The vial contained pine oil, sharp and reeking of resin. He wasn’t sure how much to use, but poured a generous dollop into the water. Then he pried the cork out of the jar, and the pungent scent of camphor rose up like a genie from the bottle. Not really crystals, he saw; lumps of some sort of dried resin, grainy and slightly sticky. He poured some into the palm of his hand, then rubbed them hard between his hands before dropping them into the water, wondering even as he did so at the instinctive familiarity of the gesture.

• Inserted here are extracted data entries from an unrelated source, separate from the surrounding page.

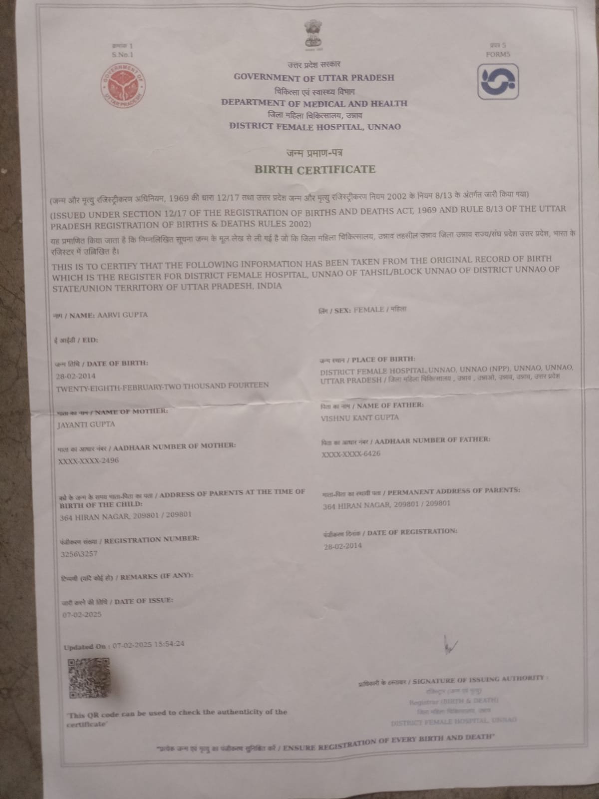 | Father's Name | Vishnu Gupta | Gender | Female | Date of Birth | 28-02-2014 |
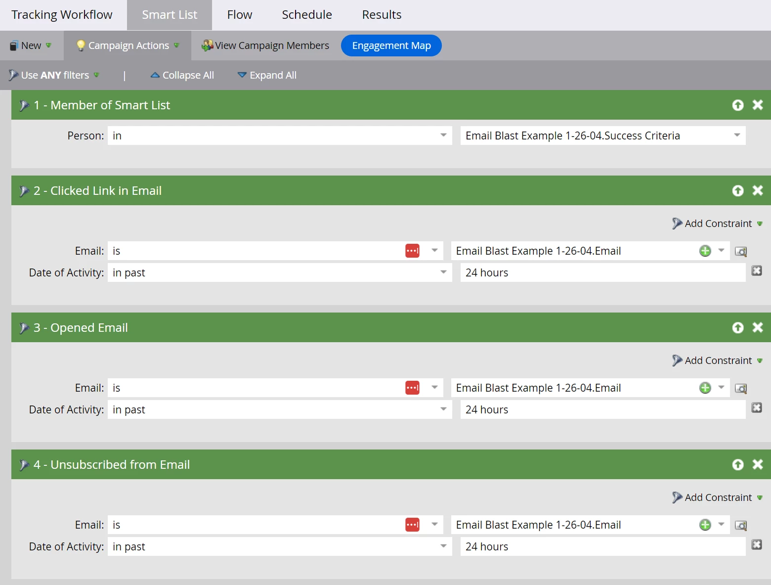 The “Any” filter criteria will ensure that any of the criteria you need to check for is accounted for in the nightly batch processing, and the 24-hour Date of Activity will ensure that each nightly trigger is reviewing activity that has occurred in a specific 24-hour period. I typically run the first batch the night after the email is sent, and will run batches for a two-week period.
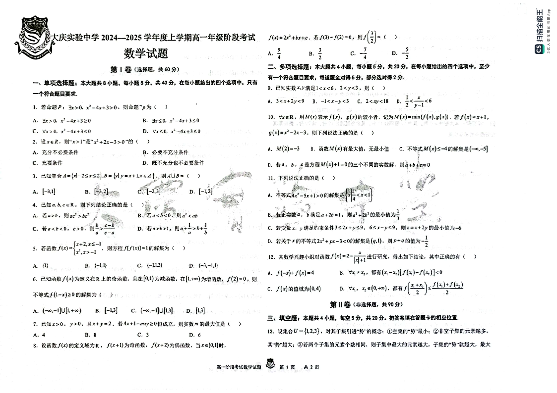 黑龙江省大庆市实验中学2024-2025学年高一上学期10月阶段考试 数学
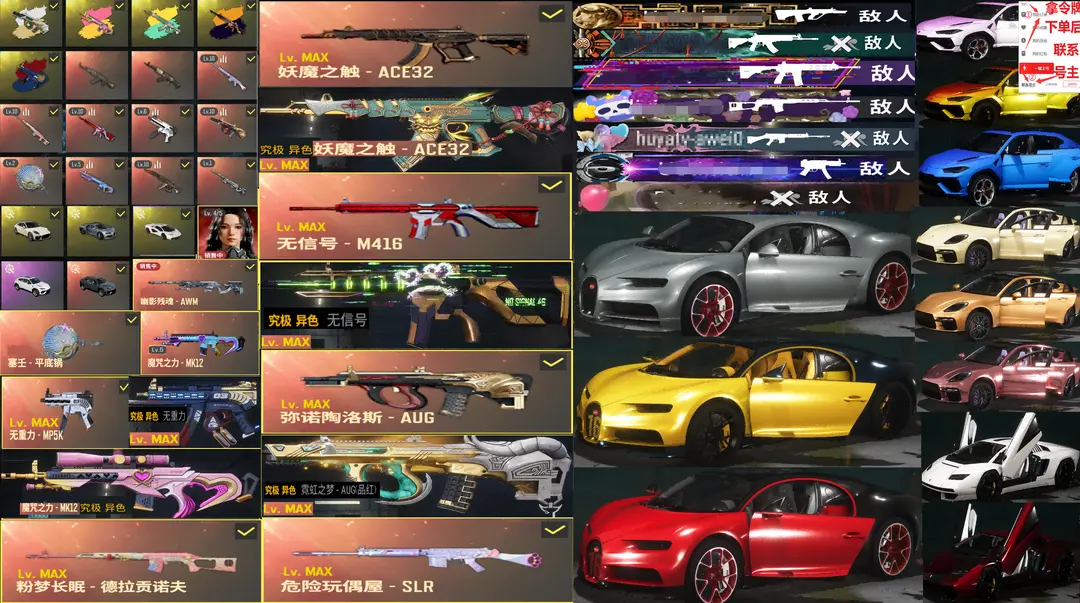 20神器30车布加迪保时捷兰博基尼✅⑩异色ACE⑩M4信号⑩AUG⑩玩偶炮⑩粉梦满级MP5瀚娜可排位
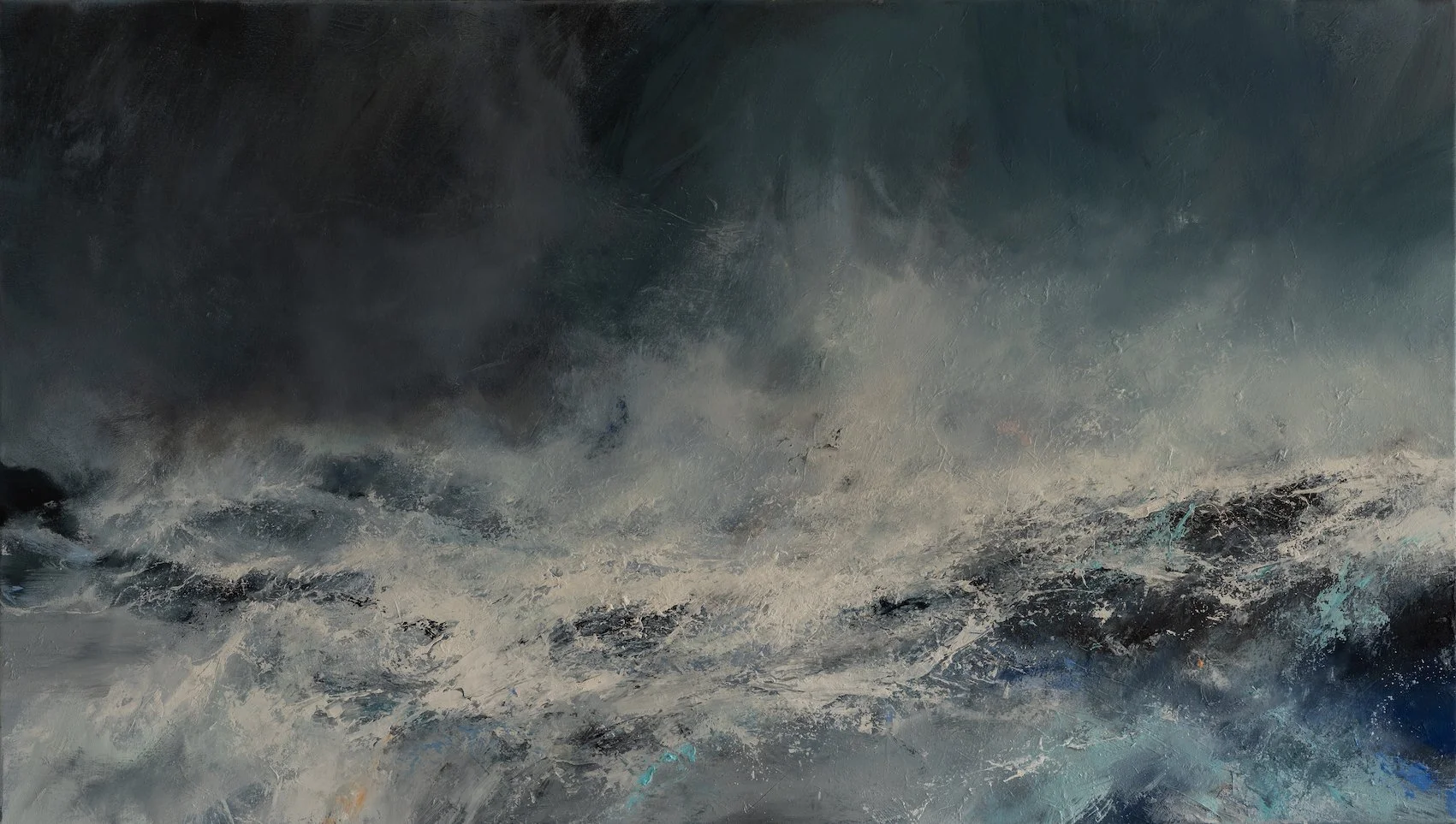 ARCHIVE Sea State force 8 - northwesterly winds, Ness of Bakka86 x 150cm cm oil on canvassigned and dated on verso
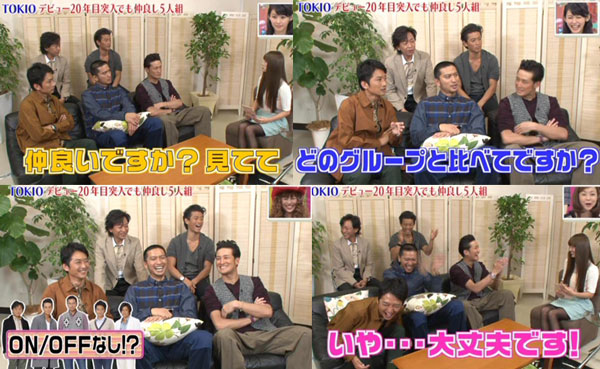仲良しさんである事について、また言われてましたが、逆にツッコミしてたけど、レポーターの子には「カメラが回る前も廻ってからも、ずっと楽し気でいいなと」とはぐらかされ、逆にONOFFが無いことに「ナンか恥ずかしい」となってたTOKIOでした。でも5人で食事には行かないという事に、「5人で行って欲しいですか?」とレポーターに太一が聴くと「いや、大丈夫です」という返答にオオウケしてるTOKIO。続いては「クロコーチ」にちなんで「クロレキシ(黒歴史)」。リーダーはデビュー時の太一のロン毛とするも、実はイイなと思ってるので「シロレキシ」にしたいって、言うもんだから、メンバー総ツッコミ!智也も「クロコーチのスタッフも怒ってますよ!」(* ̄m ̄)プッ。続いては太一が、達ちゃんのクロレキシ暴露。バンド結成前にアクロバット教室に通っていた頃の話。智也が「懐かしい~」って言って、クッション抱えて(コレ、マボがよくやってるんだけど、今日はクッションは智也のモノでしたね)こんなカワイイ笑顔になったの♪暴露したのは、バク転+バク転+バク宙+バク転+「オナラ」+バク転、になっちゃったって話。最後はマボがリーダーの「クロレキシ」。メンバー内でビリヤードが流行っていた頃、マボがリーダーとナインボールをやった時に、リーダーがいきなり9番から落とそうとした事。この時に、智也が「あの頃、みんなやってたよね」って言うと、マボがまた智也の肩に手をやりながら、「コイツがスゴいビリヤードやってて、国分さんに教わった」って。メンバー内のこういう話はホント、大好物!そして最後の智也のメッセージ「ライブでね、皆さんにも楽しんで貰えるように、僕らも楽しめるように作ったんで、是非聞いてもらえたら嬉しいなと思っております」。LIVEがホントに待ち遠しいですっ!
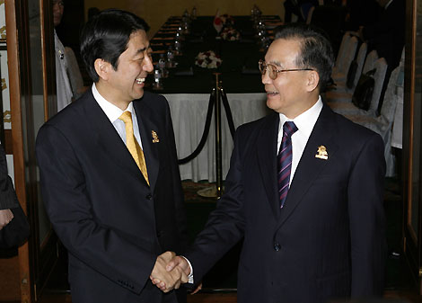 hands with China's Prime Minister Wen Jiabao before a bilateral meeting
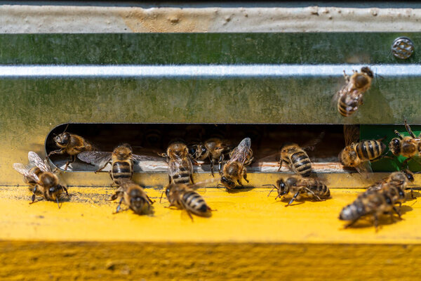 719122418 Swarm of busy honey bees entering beehives in the garden

“Oh, that’s it,” he said, realizing.

“What’s it?”

“This.” He waved a hand round the snug sanctuary, rapidly filling with pungent steam. “I remember being in my cot, with a blanket over my head. My mother put this stuff in hot water—smelled just like this. That’s why it seemed familiar.”

“Oh.” The thought seemed to reassure her. “Did you have croup when you were little?”

“I suppose so, though I don’t remember it. Just the smell.” Steam had quite filled the little tent by now, moist and pungent. He drew a deep breath, pulling in a penetrating lungful, then patted Brianna’s leg.

“Don’t worry; this’ll do the trick,” he said.

Jemmy promptly started coughing his guts out with more seal noises, but they seemed less alarming now. Whether it was the darkness, the smell, or simply the homely racket of the renewed kitchen noises outside the tent, things seemed calmer. He heard Bree take in a deep breath, too, and let it out, and felt rather than saw the subtle shift of her body as she relaxed a little, patting Jemmy’s back.

They sat quietly for a bit, listening to Jemmy cough, wheeze, gasp, cough, and finally catch his breath, hiccupping slightly. He’d stopped whimpering, seeming soothed by the proximity of his parents.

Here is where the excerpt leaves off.